MICHIGAN — A proposed bill would tighten Michigan law on bullying and cyberbullying but may be too broad, free speech experts say.
Calling someone a derogatory or offensive nickname or distributing false or misleading information about the person would be considered bullying under the bill introduced by Rep. Dale Zorn (R-Monroe County) last month. The bill would define a cyberbully as someone who “means to bully through the use of a computer, computer network or computer system.”
The bill would makes bullying or cyberbullying a misdemeanor punishable by up to 93 days imprisonment and a fine of up to $1,000. The bill would also allow court-ordered mental health evaluations and counseling for those convicted of bullying or cyberbullying.
Filed on Sept. 20, the proposal would apply to all citizens, adults as well as children; previous cyberbullying laws in other states have typically targeted only students through school discipline.
The bill specifically says it does not prohibit conduct permitted under the First Amendment, but some of the language is broad enough to apply to protected speech, said Nancy Costello, a law professor at Michigan State and the director of the school’s First Amendment Law Clinic.
Speech that is libelous, incites, slanderous, false advertising, bribery or perjury is not protected by the First Amendment, Costello said. At the same time, the First Amendment does allow what some people would call “distasteful” speech, she said.
“We can make people feel uncomfortable; we can offend people by speech,” she said. “All of that is protected by the First Amendment. What’s not protected is bad behavior and bad conduct. You can’t call somebody a nincompoop and then cross over and encourage somebody to physically harm that person or you can’t then physically threaten that person. That’s what’s illegal.”

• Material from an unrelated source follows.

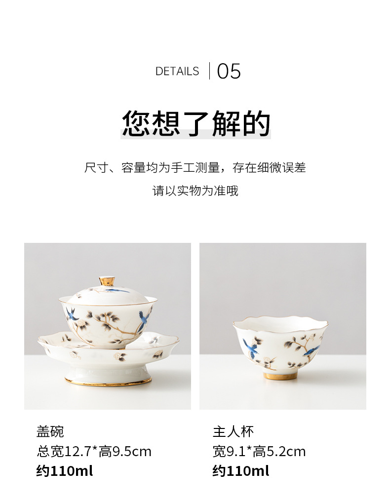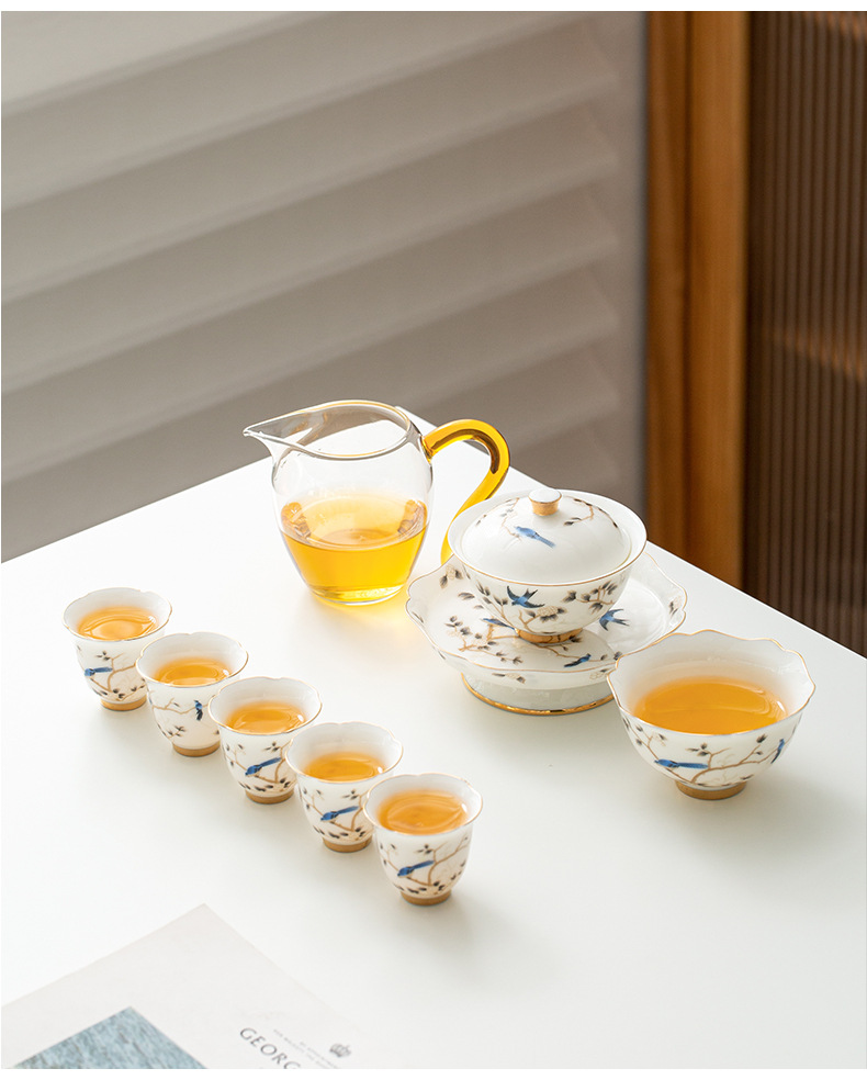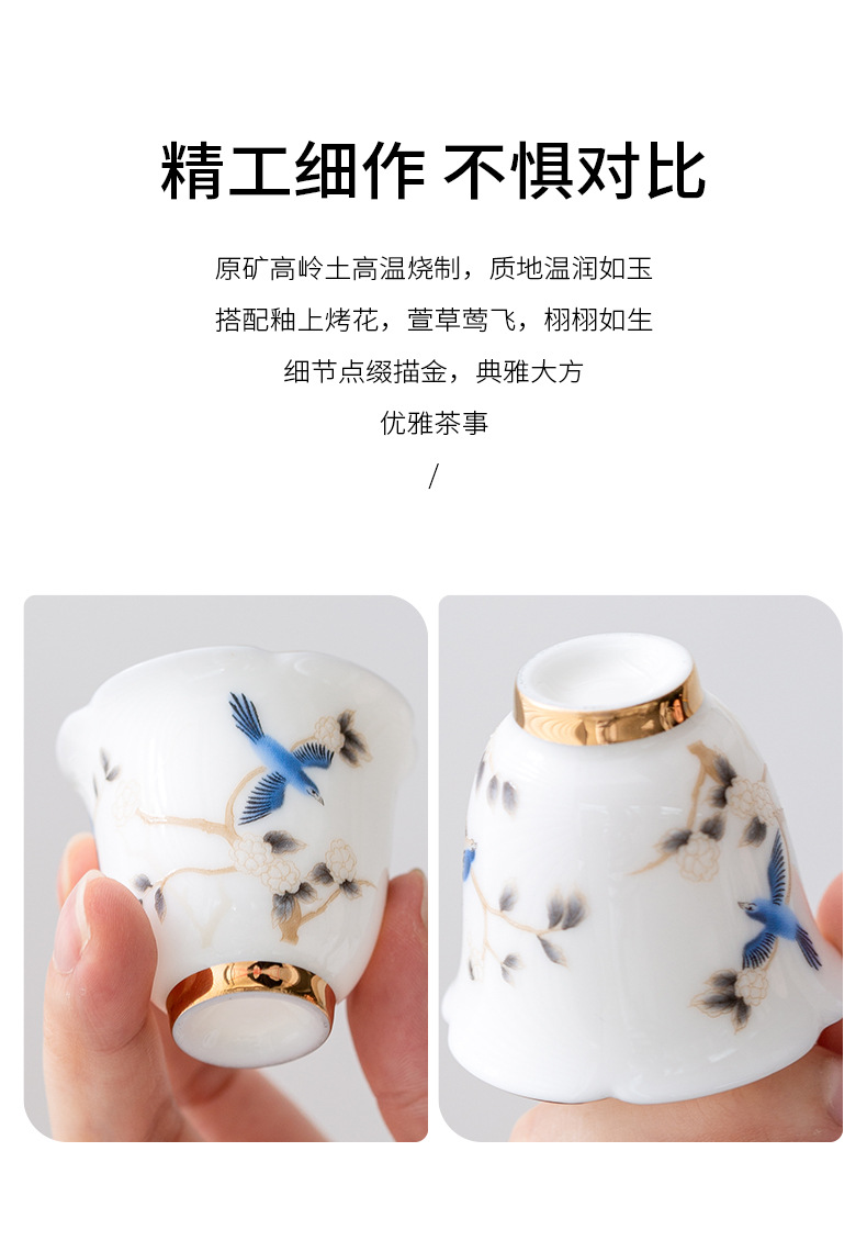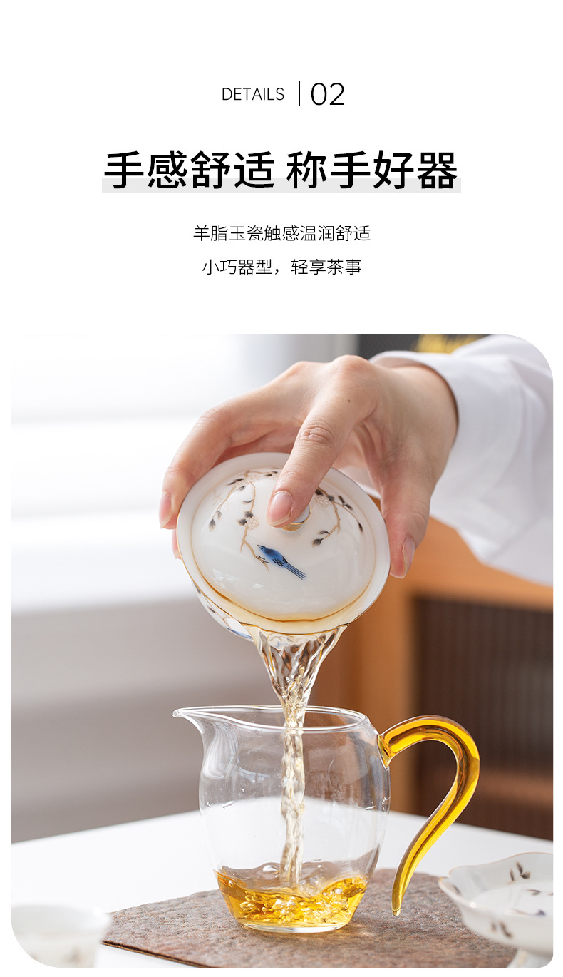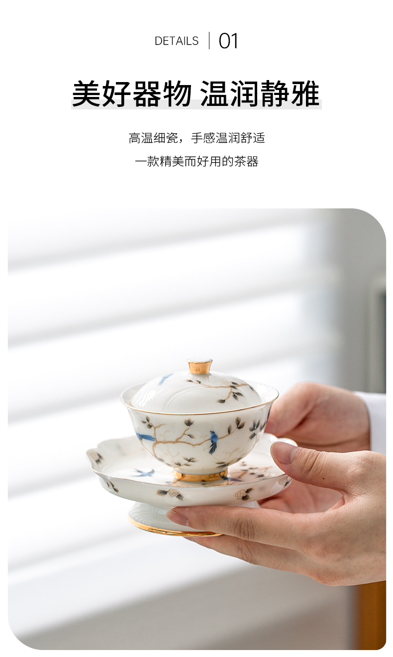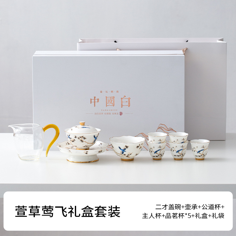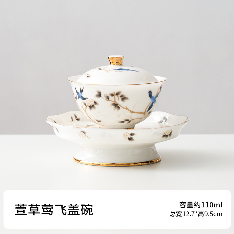 萱草莺飞高档羊脂玉白瓷三才盖碗家用精致功夫茶碗茶杯套装礼盒装

Still, Costello said she thought the bill would be met with constitutional objections despite its good intentions. She also said that by narrowing the definition of bullying, the law could be duplicative of other laws already in place.
“People are concerned for an individual being ganged up on and being targeted by a bunch of cyberbullies. I get that and I think that’s wrong too, Costello said. “Unfortunately, there might have to be a certain amount of that tolerated and we might have to monitor that in different ways rather than bringing a law that is broadly tailored to try to stop that, because I think it will be met with constitutional problems.”
Zorn said he did not anticipate the bill would face First Amendment issues when the Judiciary Committee discusses it in November.
“I’m not expecting anything out of First Amendment rights because I think we dealt with that but you never know,” Zorn said. “Certainly, I’m looking at anything that will make this bill stronger and better. I’m certainly interested in that.”